The fixed portion locks in your rate for a set period and protects you from rate increases during that term. The variable portion allows extra repayments without restriction, usually includes an offset account, and can be paid down or refinanced without penalty. This combination is particularly relevant for buyers who value budget certainty but expect to have irregular income or lump sums available during the loan term.
For Tasmanian Government employees whose income includes base salary plus shift allowances, overtime, or performance-related components, splitting the loan can match the stable portion of income to the fixed loan and the variable portion to the offset-linked variable loan. Surplus funds sit in the offset, reducing interest on the variable portion while remaining accessible for other purposes. When you are ready to move to your next property or refinance, the variable portion can be adjusted without triggering penalties on the fixed portion. This structure is commonly discussed during getting loan pre-approval for buyers who want both certainty and control.
Call one of our team or book an appointment at a time that works for you. Public Home Loans works exclusively with public sector employees across Australia. We will walk through your repayment strategy, confirm your loan features in writing, and structure your borrowing to match how your income actually arrives, not how a generic product assumes it will.
Frequently Asked Questions
Can I make extra repayments on a fixed rate home loan?

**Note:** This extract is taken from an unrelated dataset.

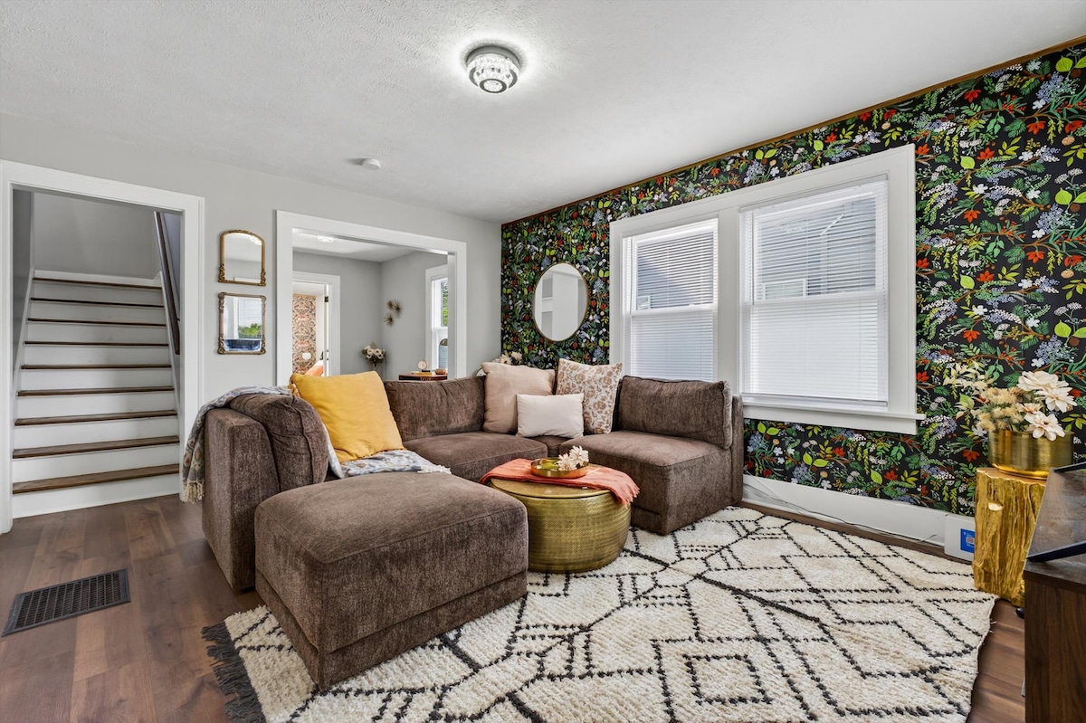 Dobrodošli v modrem in zlatem bungalovu, sveže oblikovanem prenočišču s 3 spalnicami, ki je od mest Notre Dame, Saint Mary's in Holy Cross. Sprehodite se ~15 minut (0,8 milje) do stadiona za dan tekme ali pa se odpravite 20 minut hoje do restavracij in sprehoda ob reki v središču South Benda. Imamo vzmetnice Casper, hiter Wi-Fi, pametno klimatsko napravo in ograjeno dvorišče za sproščanje, zaradi česar je bungalov popolna odskočna deska za družine, prijatelje ali obiskovalce kampusa, ki iščejo nepozabno, vrhunsko bivanje.

Most fixed rate loans allow extra repayments up to an annual cap, typically between $10,000 and $30,000 depending on the lender. Payments beyond that cap may trigger break costs or be blocked entirely. Confirm the exact limit in writing before you settle.
Do fixed rate loans have offset accounts?
Fixed rate loans rarely include an offset account. Some lenders offer redraw on fixed loans, but the funds are locked in and access may be restricted. Variable rate loans typically include both offset accounts and unrestricted redraw as standard features.
When does my extra repayment cap reset on a fixed loan?
Most lenders reset the extra repayment cap on each anniversary of your loan settlement date, not on the calendar or financial year. Confirm the reset date with your lender before making large additional payments to avoid penalties.
What is a split loan and how does it help with repayment flexibility?
A split loan divides your borrowing into fixed and variable portions. The fixed portion protects you from rate increases, while the variable portion allows unlimited extra repayments and usually includes an offset account. This structure gives you rate certainty and repayment access at the same time.
Will I be charged a fee if I switch from fixed to variable before my term ends?
Breaking a fixed rate loan before the term expires usually incurs a break cost, calculated on the difference between your fixed rate and the current wholesale rate for the remaining period. If rates have fallen since you fixed, the cost can be substantial.